:: Extracted information

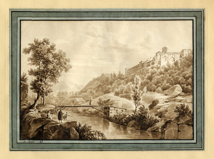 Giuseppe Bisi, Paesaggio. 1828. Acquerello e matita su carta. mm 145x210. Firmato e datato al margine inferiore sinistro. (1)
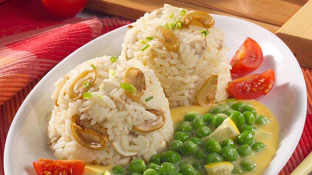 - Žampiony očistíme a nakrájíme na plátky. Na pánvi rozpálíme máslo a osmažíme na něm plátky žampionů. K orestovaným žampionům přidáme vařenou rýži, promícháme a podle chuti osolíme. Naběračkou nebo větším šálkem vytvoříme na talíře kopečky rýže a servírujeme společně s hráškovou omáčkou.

::::
:: Extracted information

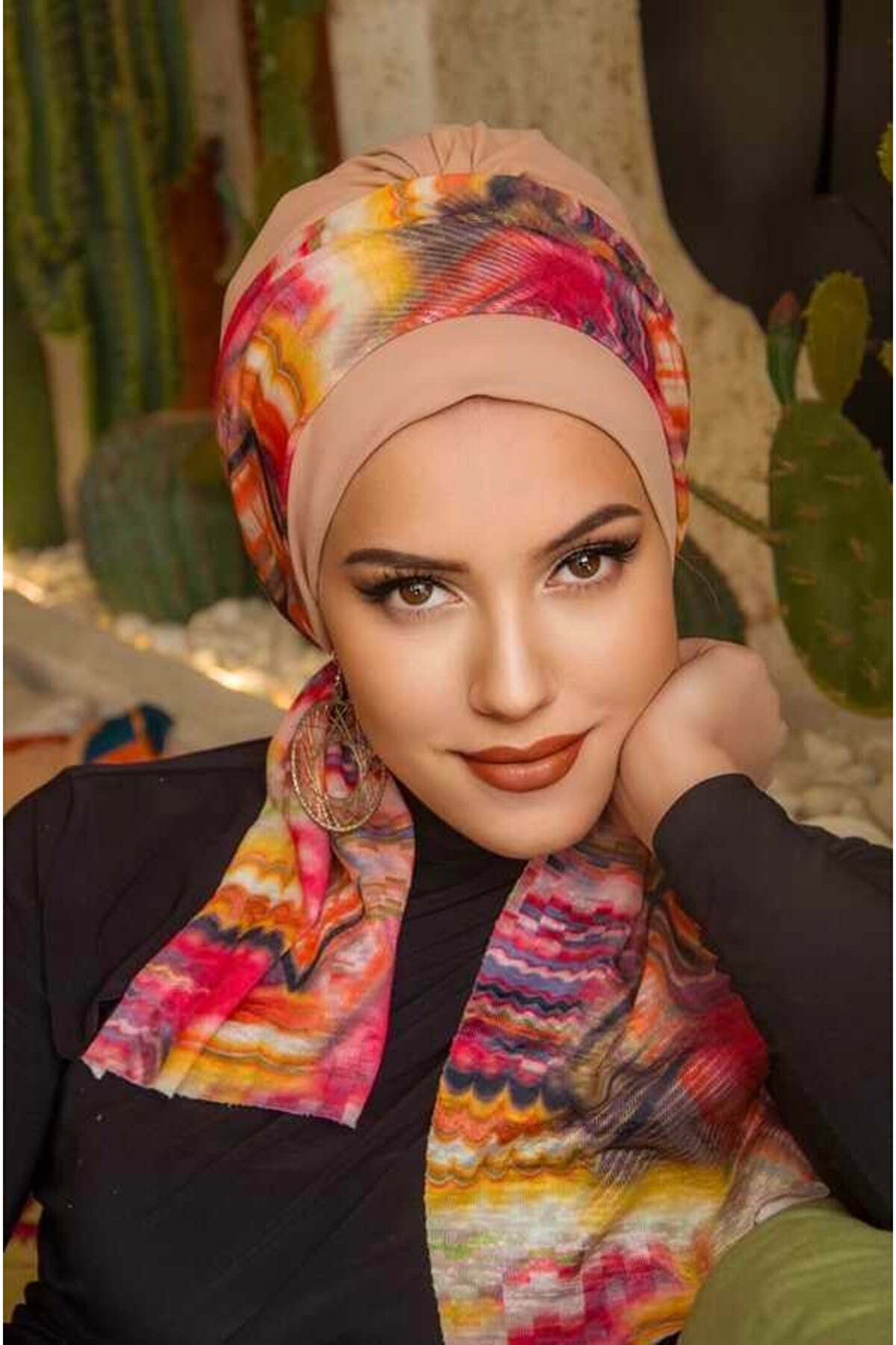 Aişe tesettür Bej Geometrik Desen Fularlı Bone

::::
:: Extracted information

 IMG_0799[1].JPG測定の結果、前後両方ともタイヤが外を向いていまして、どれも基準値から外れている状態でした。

::::

> **Task details**:
Lines from the one above containing "Giuseppe Bisi, Paesaggio." down to the one containing "- Žampiony očistíme" should be transcribed exactly, with both ends kept and no pictures.

> **Your response**:
 Giuseppe Bisi, Paesaggio. 1828. Acquerello e matita su carta. mm 145x210. Firmato e datato al margine inferiore sinistro. (1)
 - Žampiony očistíme a nakrájíme na plátky. Na pánvi rozpálíme máslo a osmažíme na něm plátky žampionů. K orestovaným žampionům přidáme vařenou rýži, promícháme a podle chuti osolíme. Naběračkou nebo větším šálkem vytvoříme na talíře kopečky rýže a servírujeme společně s hráškovou omáčkou.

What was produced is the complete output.